May 02, 2005
Oh, *that* video

Remember that defense claim from Friday in the Enron Broadband trial that a videotape shown by the prosecution was never shown to stock analysts? Well, it turns out the defense was right.


Watching two videotapes simultaneously today, jurors in the Enron Internet trial learned that prosecutors previously presented an inaccurate version of a stock-analyst conference that's key to the government's case.

While ex-CEO Jeff Skilling could be seen talking in unedited raw video from the actual January 2000 conference that's at the heart of the criminal accusations, next to it the government's edited evidence tape instead cut from Skilling to show one of the defendants addressing the conference.

The prosecution's star witness, Ken Rice, testified today that he now realizes the government showed him something other than the actual conference tape. The former CEO of Enron Broadband Services said that led him to incorrectly testify that the controversial segment from defendant Rex Shelby was shown to analysts at the conference.

Prosecutors had introduced the video, with the brief Shelby segment included, to support their claims that executives lied to analysts about the capabilities of EBS' technology at the conference to inflate the company's worth. The stock price rose within a day of the conference from $54 a share to $72 a share.

Rice said he'd seen the government's video before testifying. When prosecutor Ben Campbell showed it to him in court Tuesday, Rice testified then that he was surprised that Shelby was talking about the network operating system as up and running when it wasn't.

[...]

In questioning from defense attorney Tony Canales, Rice said he knew Shelby had taped the segment in question and that it was slated to be shown to the analysts.
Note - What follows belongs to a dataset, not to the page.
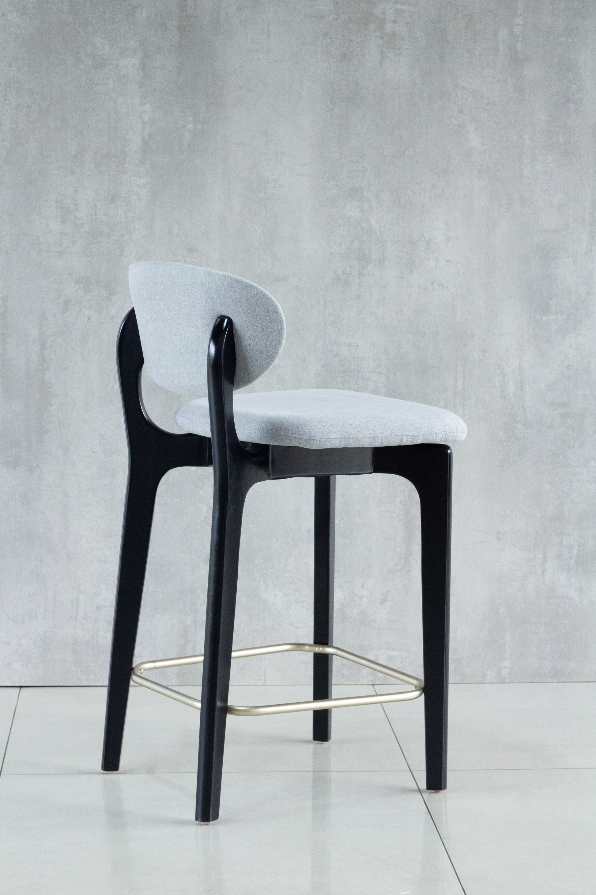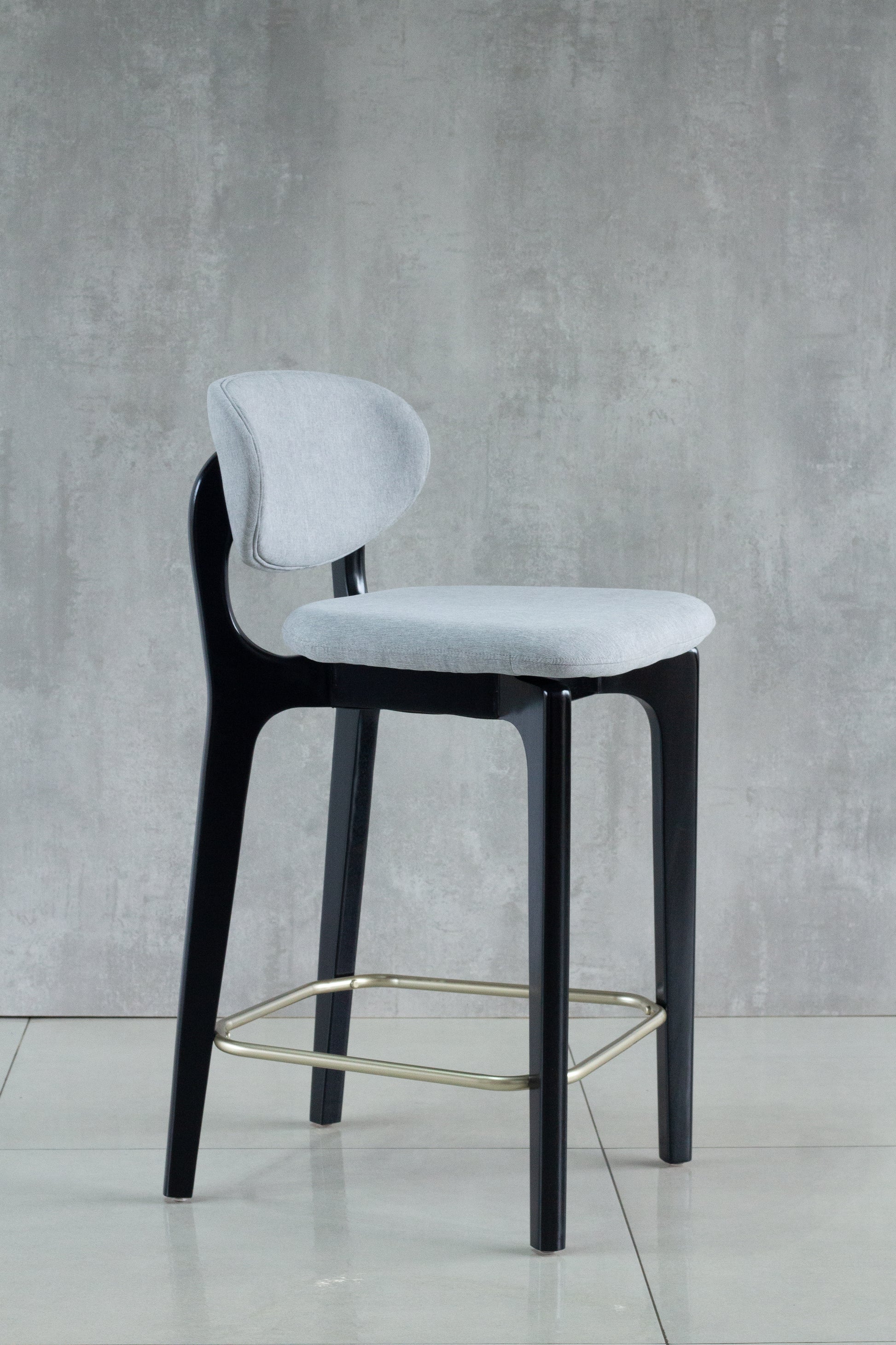 Banqueta Elis Madeira Ebano Metal Dourado Assento Tecido BR6001

Rice told Canales he thought about this a lot of over the weekend and even talked to his Washington, D.C.-based lawyer about whether he'd been shown the wrong tape and convinced himself he did see the Shelby segment shown at the analyst conference.

[...]

"It's very serious when the government offered something in evidence that turns out to be phony," said Mike Ramsey, the lawyer for ex-Chairman Ken Lay. Ramsey and Skilling's lawyer Daniel Petrocelli have been in court watching the Rice testimony, which could be repeated in their clients' trial next year.

Ramsey said the government has all the raw footage of the conference and it "knew or should have known that their edited version didn't match reality."
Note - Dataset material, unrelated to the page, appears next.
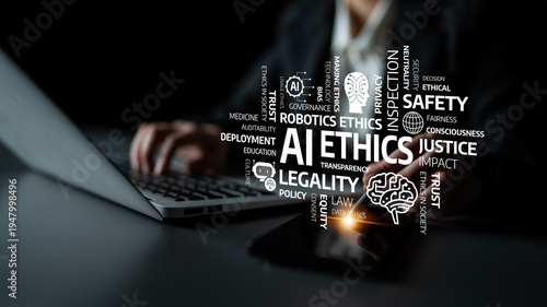 This image captures the themes of AI ethics and legality, highlighting safety, justice, and governance in technology impact on societal norms and values. Tessel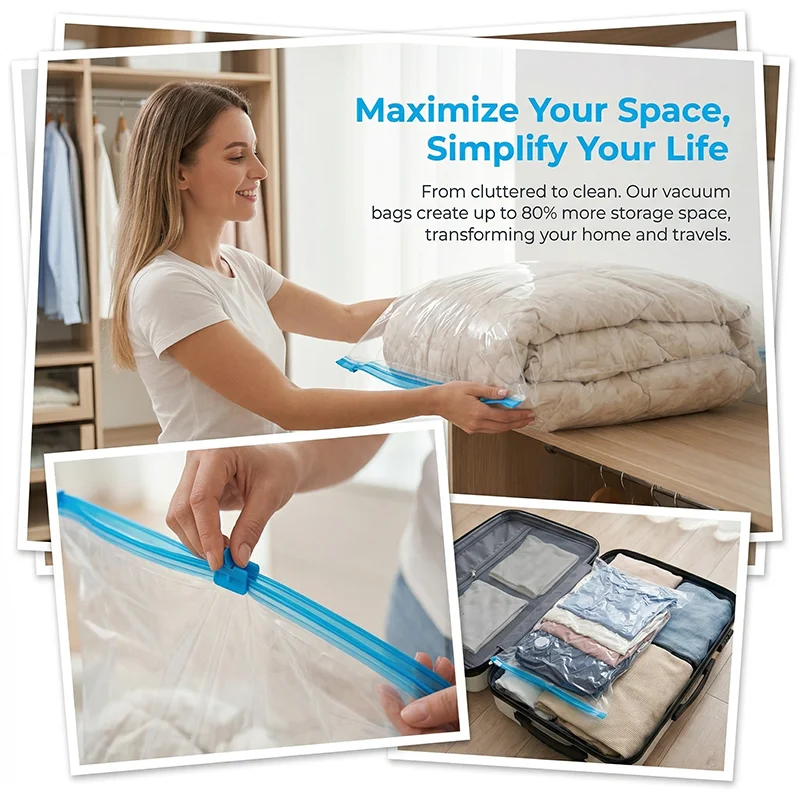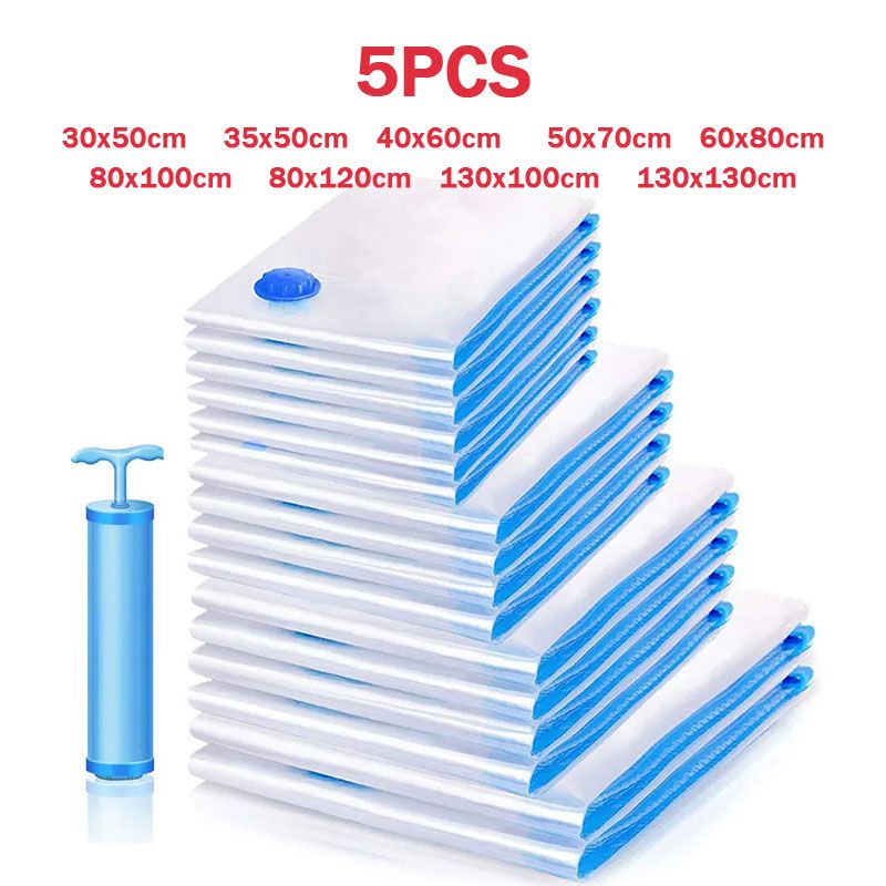 1-5pcs Vacuum Compression Bag Thickened Transparent Clothes Quilt Vacuum Storage Bags Household Sorting Travel Organizer Bags

Prosecutors haven't yet explained how the false information got before the jury. They are expected to call a witness to the stand who supplied the edited tape to the government with the Shelby segment in it.


Well, now. As far as I can tell, this is the first major screwup that the Enron Task Force has committed. It's understandable that things can slip through with all the mounds of evidence to examine, but this is one of those Things Which Should Not Happen.

Tom has this story as well, and he thinks the prosecution can clean things up on redirect by admitting they goofed and getting witness Rice to reaffirm what he'd said before. Nobody's perfect, and there's plenty of other evidence to go around, right? I'm sure that's approximately what they're hoping. I'll be very interested to see how it plays out. Stay tuned.

Posted by Charles Kuffner on May 02, 2005 to Enronarama | TrackBack
Comments

I'm very frustrated by this screwup. I knew the first time I heard about the EBS-Blockbuster stuff that either those guys were crooked or they were criminally stupid. I'm just hoping the stupid prosecutorial error doesn't result in an acquittal.